The indicators of energy performance are Fabric Energy Efficiency (FEE), energy consumption per unit floor area, energy cost rating (the SAP rating), Environmental Impact rating based on CO2 emissions (the EI rating) and Dwelling CO2 Emission Rate (DER).

 

The SAP rating is based on the energy costs associated with space heating, water heating, ventilation and lighting, less cost savings from energy generation technologies. It is adjusted for floor area so that it is essentially independent of dwelling size for a given built form. The SAP rating is expressed on a scale of 1 to 100, the higher the number the lower the running costs.

 

The Environmental Impact rating is based on the annual CO2 emissions associated with space heating, water heating, ventilation and lighting, less the emissions saved by energy generation technologies. It is adjusted for floor area so that it is essentially independent of dwelling size for a given built form.
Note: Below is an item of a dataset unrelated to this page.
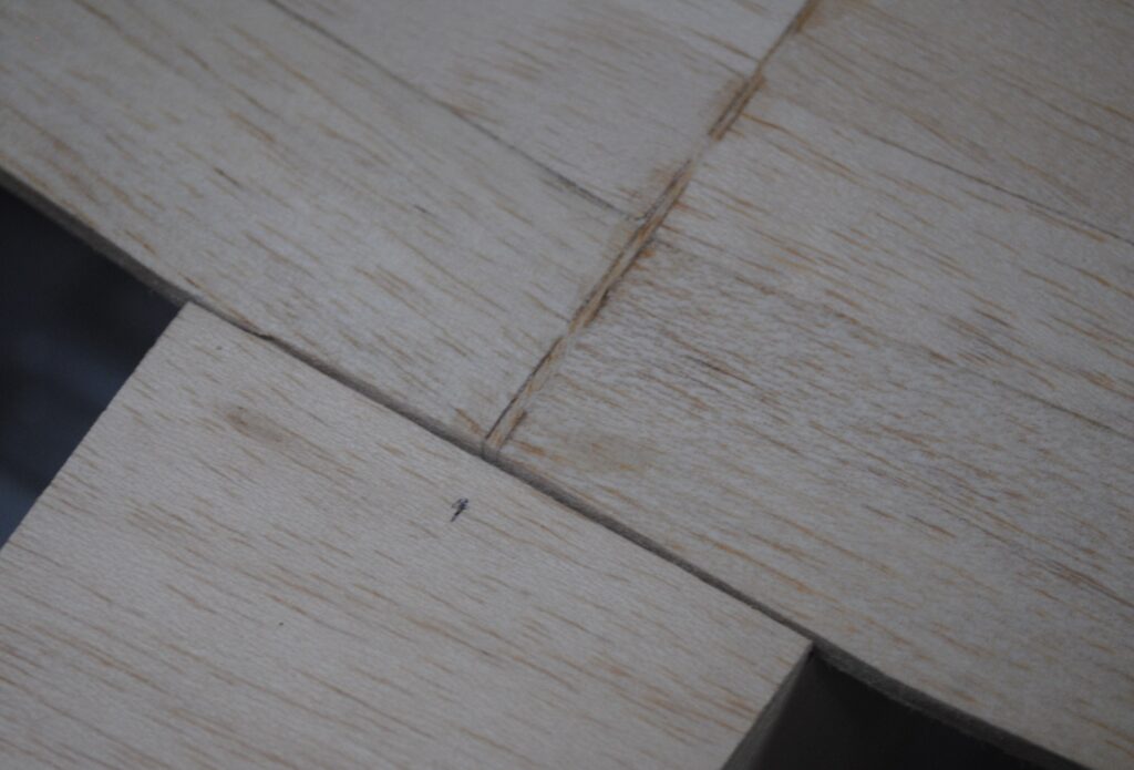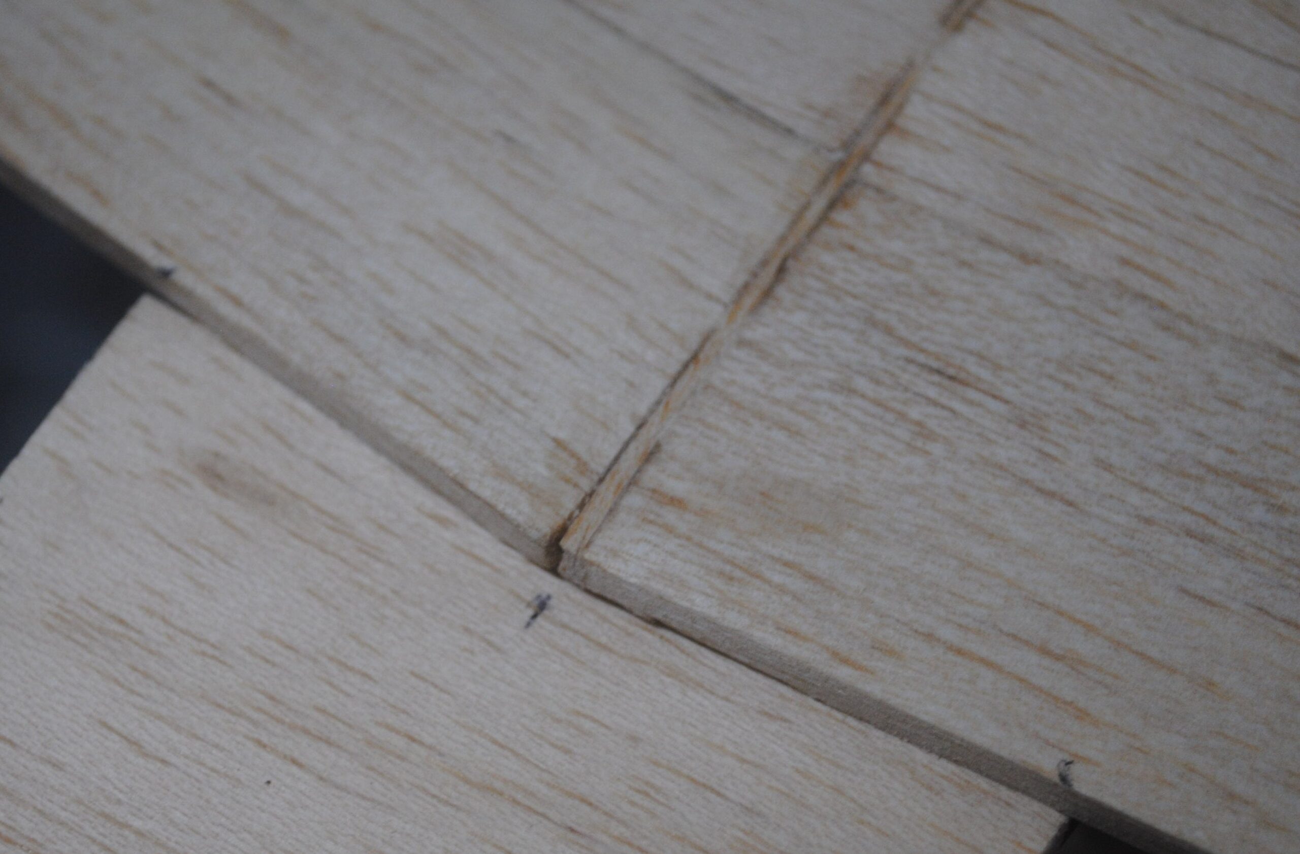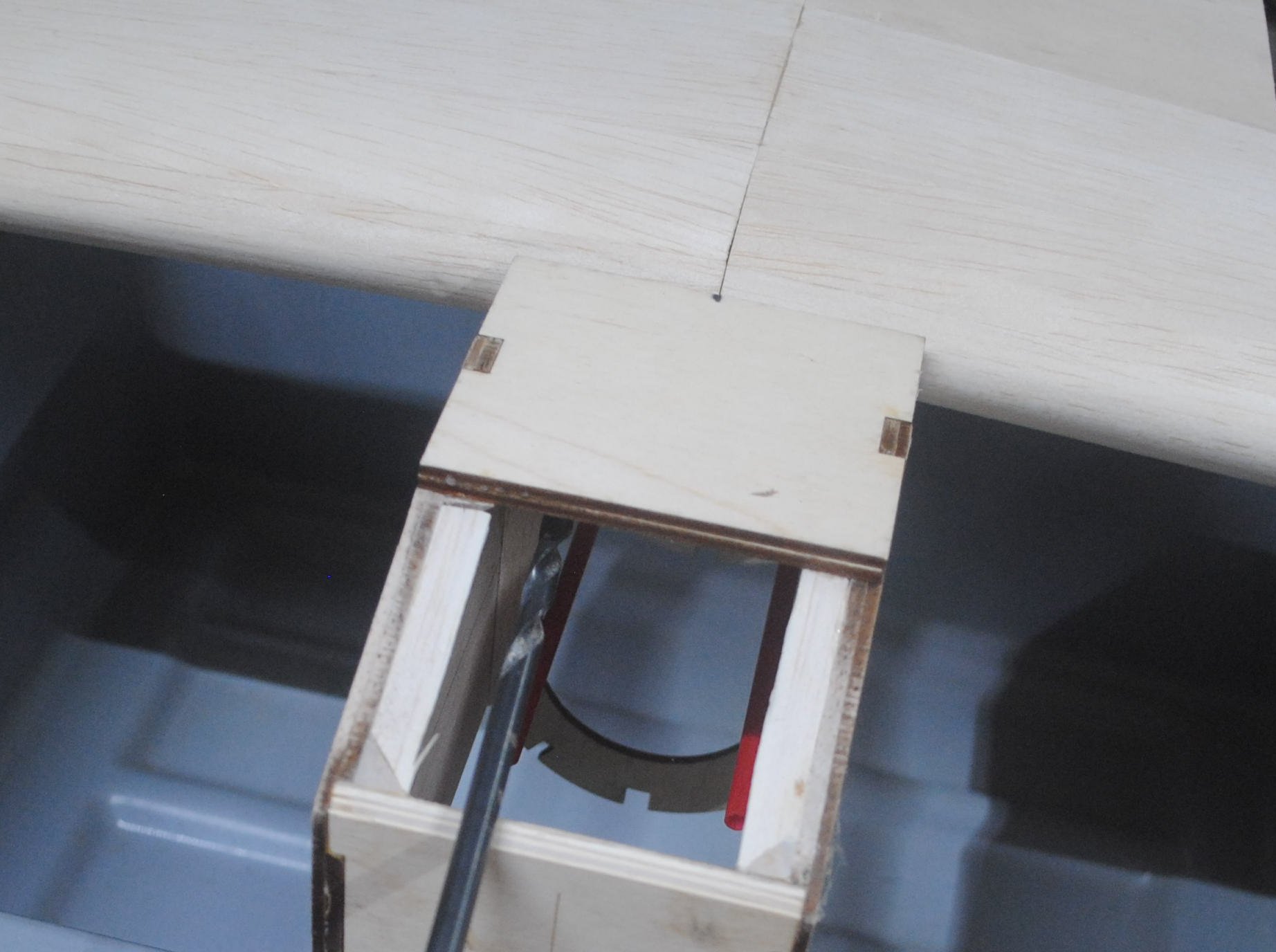 Check the fit to make sure the two wing panels come together properly with the correct dihedral angle, which is 4″ at the tip rib with the other panel flat on the table. If you accidentally sand the root crooked or curved, you can stick a piece of sheet balsa to it and sand it down again. A long sanding block will help your accuracy.

The Environmental Impact rating is expressed on a scale of 1 to 100, the higher the number the better the standard.

 

The Dwelling CO2 Emission Rate is a similar indicator to the Environmental Impact rating, which is used for the purposes of compliance with building regulations. It is equal to the annual CO2 emissions per unit floor area for space heating, water heating, ventilation and lighting, less the emissions saved by energy generation technologies, expressed in kg/m²/year."

 

So, based on the conversation above, the reduction of C02 Emissions Factor for Electricity, the SAP Rating should not change, and the EIR Rating should reduce proportional to electricity usgae, and C02 Emission Rate should reduce similarly.

 

By contrast, in 2018 the SAP algo was adjusted when they found that solid walled and uninsulated walled properties were relatively better in CO2 emissions terms than had been thought previously.

https://www.bre.co.uk/filelibrary/SAP/2016/CONSP-16---Wall-U-values-for-existing-dwellings---V1_0.pdf

 

The assumption had been U-value of 2,1m which was updated to I think 1.69.

 

(The background is that the previously assumed value was derived from that used for sizing heating, so naturally assumed it was worse to help make sure that systems were comfortably big enough.)